OLLAMA_KEEP_ALIVE helps keep Ollama models warm
PHILL_LOCAL_TRANSFORMERS_* controls apply to the direct local Transformers fallback path
Telemetry also tracks cached-content token counts when a provider reports them

Development

Clone and build:

git clone https://github.com/ayjays132/phill-cli.git
cd phill-cli
npm install
npm run build

Useful commands:

npm run test
npm run typecheck
npm run lint

Focused Ollama smoke test:

node scripts/test_ollama.js

The Ollama smoke script checks:

connectivity to the configured Ollama endpoint
available installed models from /api/tags
tool-calling behavior
a short concurrent-request stability pass

If the requested model is missing, the script will automatically choose an installed model so the smoke test can still run.
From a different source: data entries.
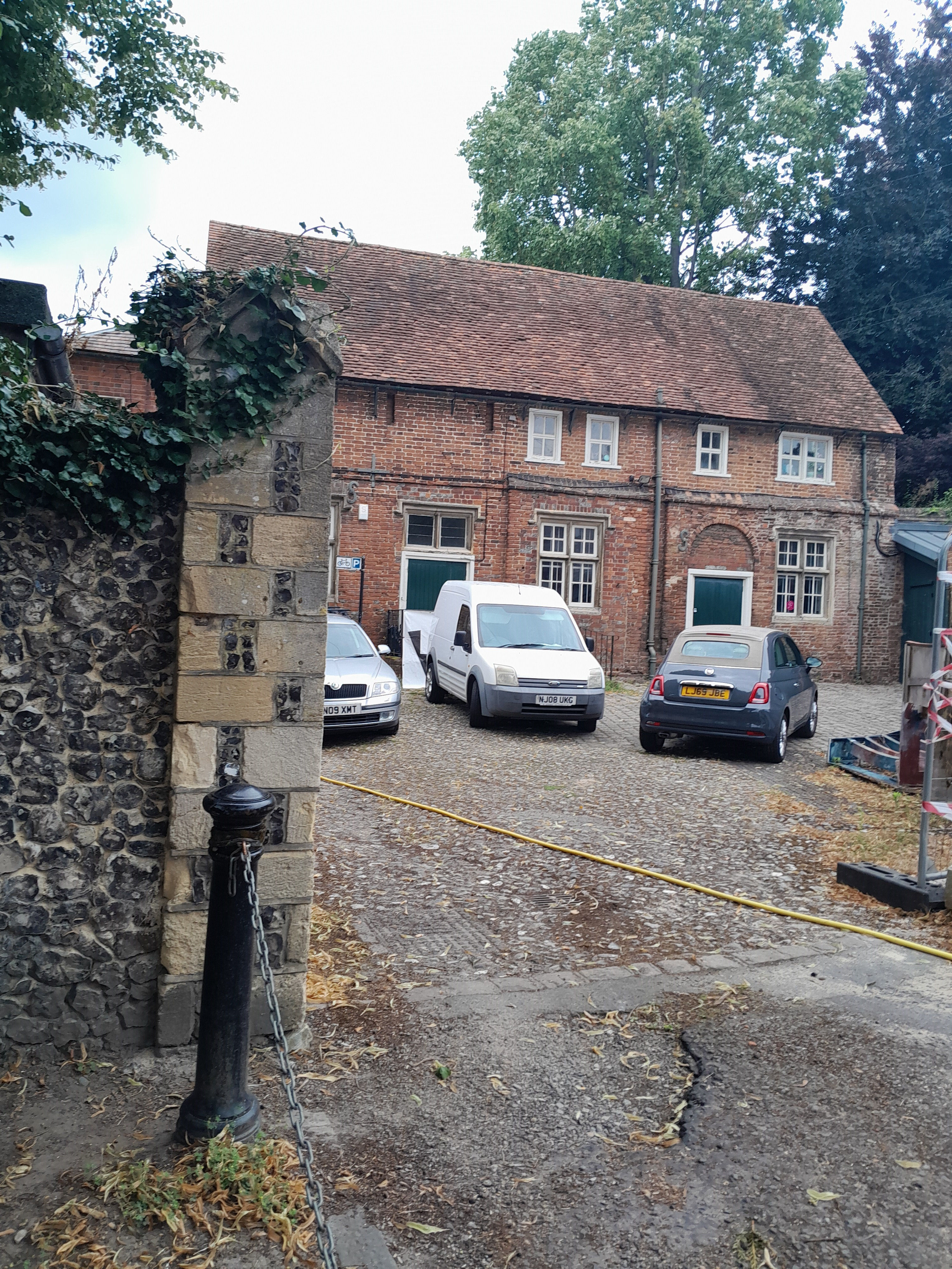 This is on Church Street, near St Peter's, Caversham. There was a grand house here, which has disappeared, but the outlines are marked on the ground. Then there is a lovely garden, with charming little buildings.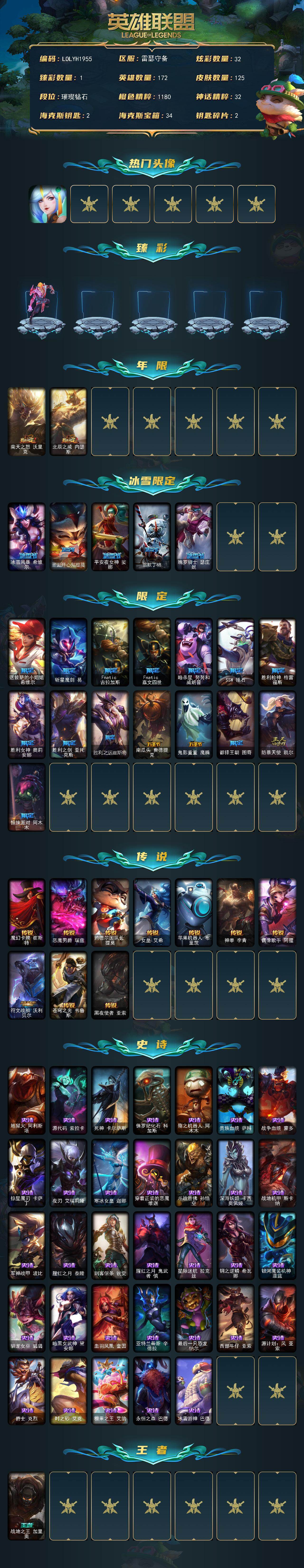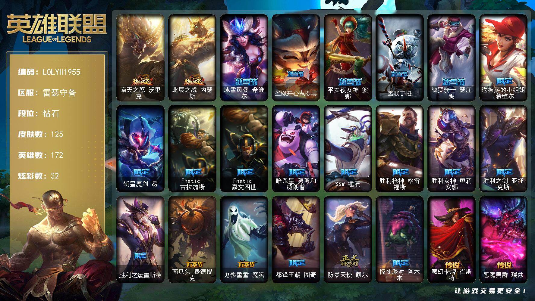 【611464】【LOLYH1955】172英雄/125皮肤/23限定/1臻彩/32炫彩/10传说/33史诗/钻石/春晖神女/神龙尊者圣龙李青登龙/南天之怒沃里克/北辰之威内瑟斯/冰雪风暴希维尔/圣诞开心鬼提莫/平安夜女神娑娜/雪默丁格/魄罗骑士瑟庄妮/送披萨的小姐姐希维尔/斩星魔剑易/Fnatic古拉加斯/Fnatic嘉文四世/暗杀星努努和威朗普/SSW锤石/胜利枪神格雷福斯/胜利女神奥莉安娜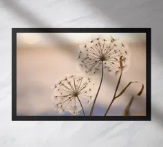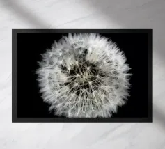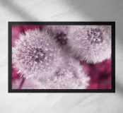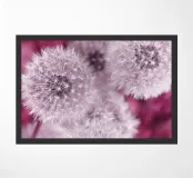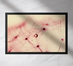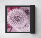 Dente di leone bianco su sfondo rosa, ripresa macro.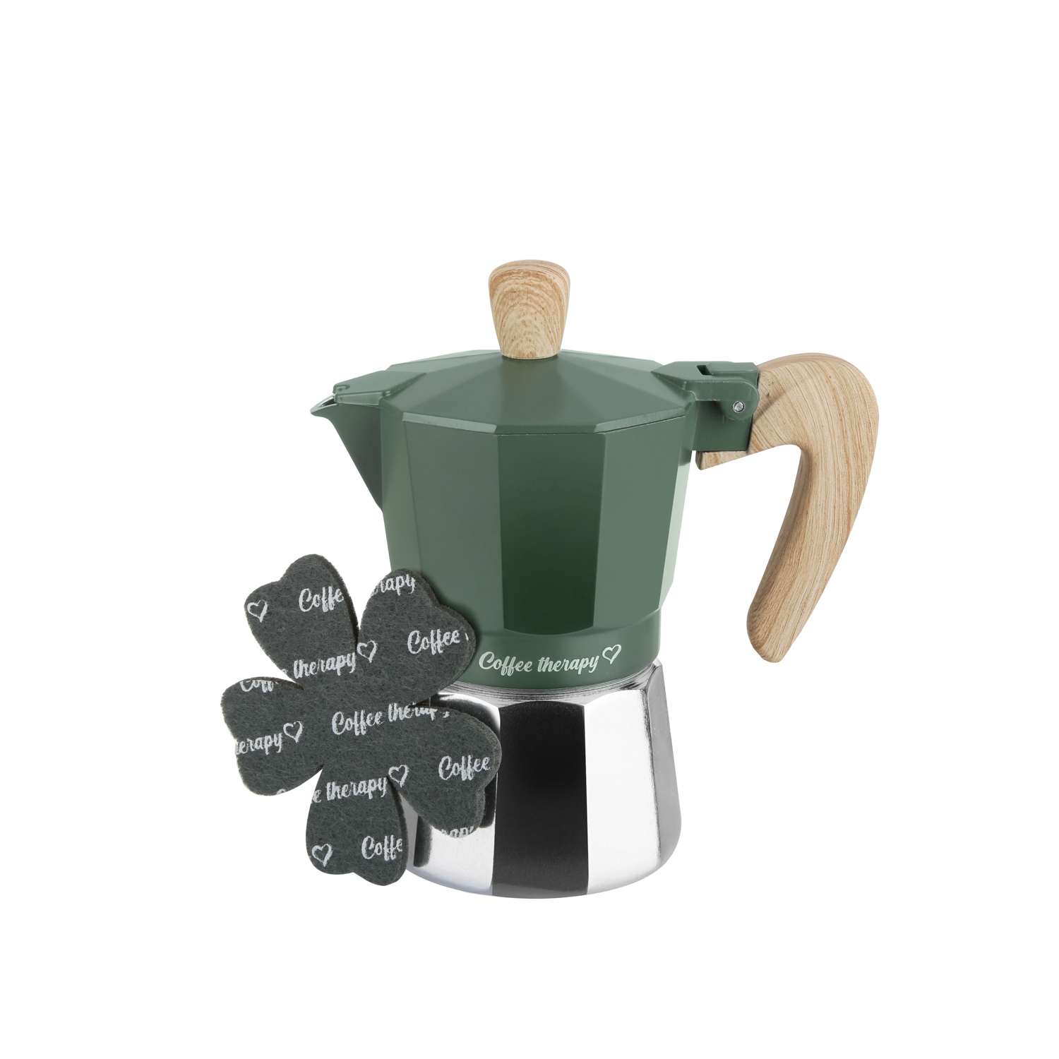 La caffettiera della linea Cooking Therapy è realizzata in alluminio riciclabile al 100% e garantisce un ottimo caffè ogni giorno. La guarnizione in silicone è inodore e insapore, oltre a essere impermeabile e indeformabile. Il manico in nylon antiscottatura, con effetto legno soft touch, agevola una presa salda quando versi il tuo espresso nella tazzina. Il modello è provvisto anche di comodo sottomoka in feltro per appoggiare la caffettiera in tavola senza rovinare le superfici a contatto. Adatta per preparare due tazze di caffè, è compatibile con tutti i piani cottura, esclusi quelli a induzione.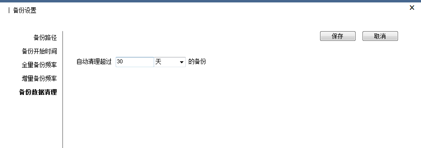 设置备份数据清理时间,如下图:

Example with explicit selection:

OLLAMA_MODEL=llama3 OLLAMA_CONCURRENCY=3 node scripts/test_ollama.js

Security And Privacy

Trusted-folder controls are built into the CLI
Sandboxing support exists for restricted execution flows
Local providers such as Ollama can reduce data sent to external services
Search/fetch tools should still be treated as networked features unless you intentionally disable or avoid them

Contributing

Contributions are welcome.

Recommended workflow:

Keep changes scoped to a clear problem
Run build, lint, typecheck, and relevant tests
Update docs when behavior changes
Prefer grounded docs over marketing claims, especially for provider support and offline behavior

For contribution details, see CONTRIBUTING.md.

License

Phill CLI is released under the Apache-2.0 license. See LICENSE.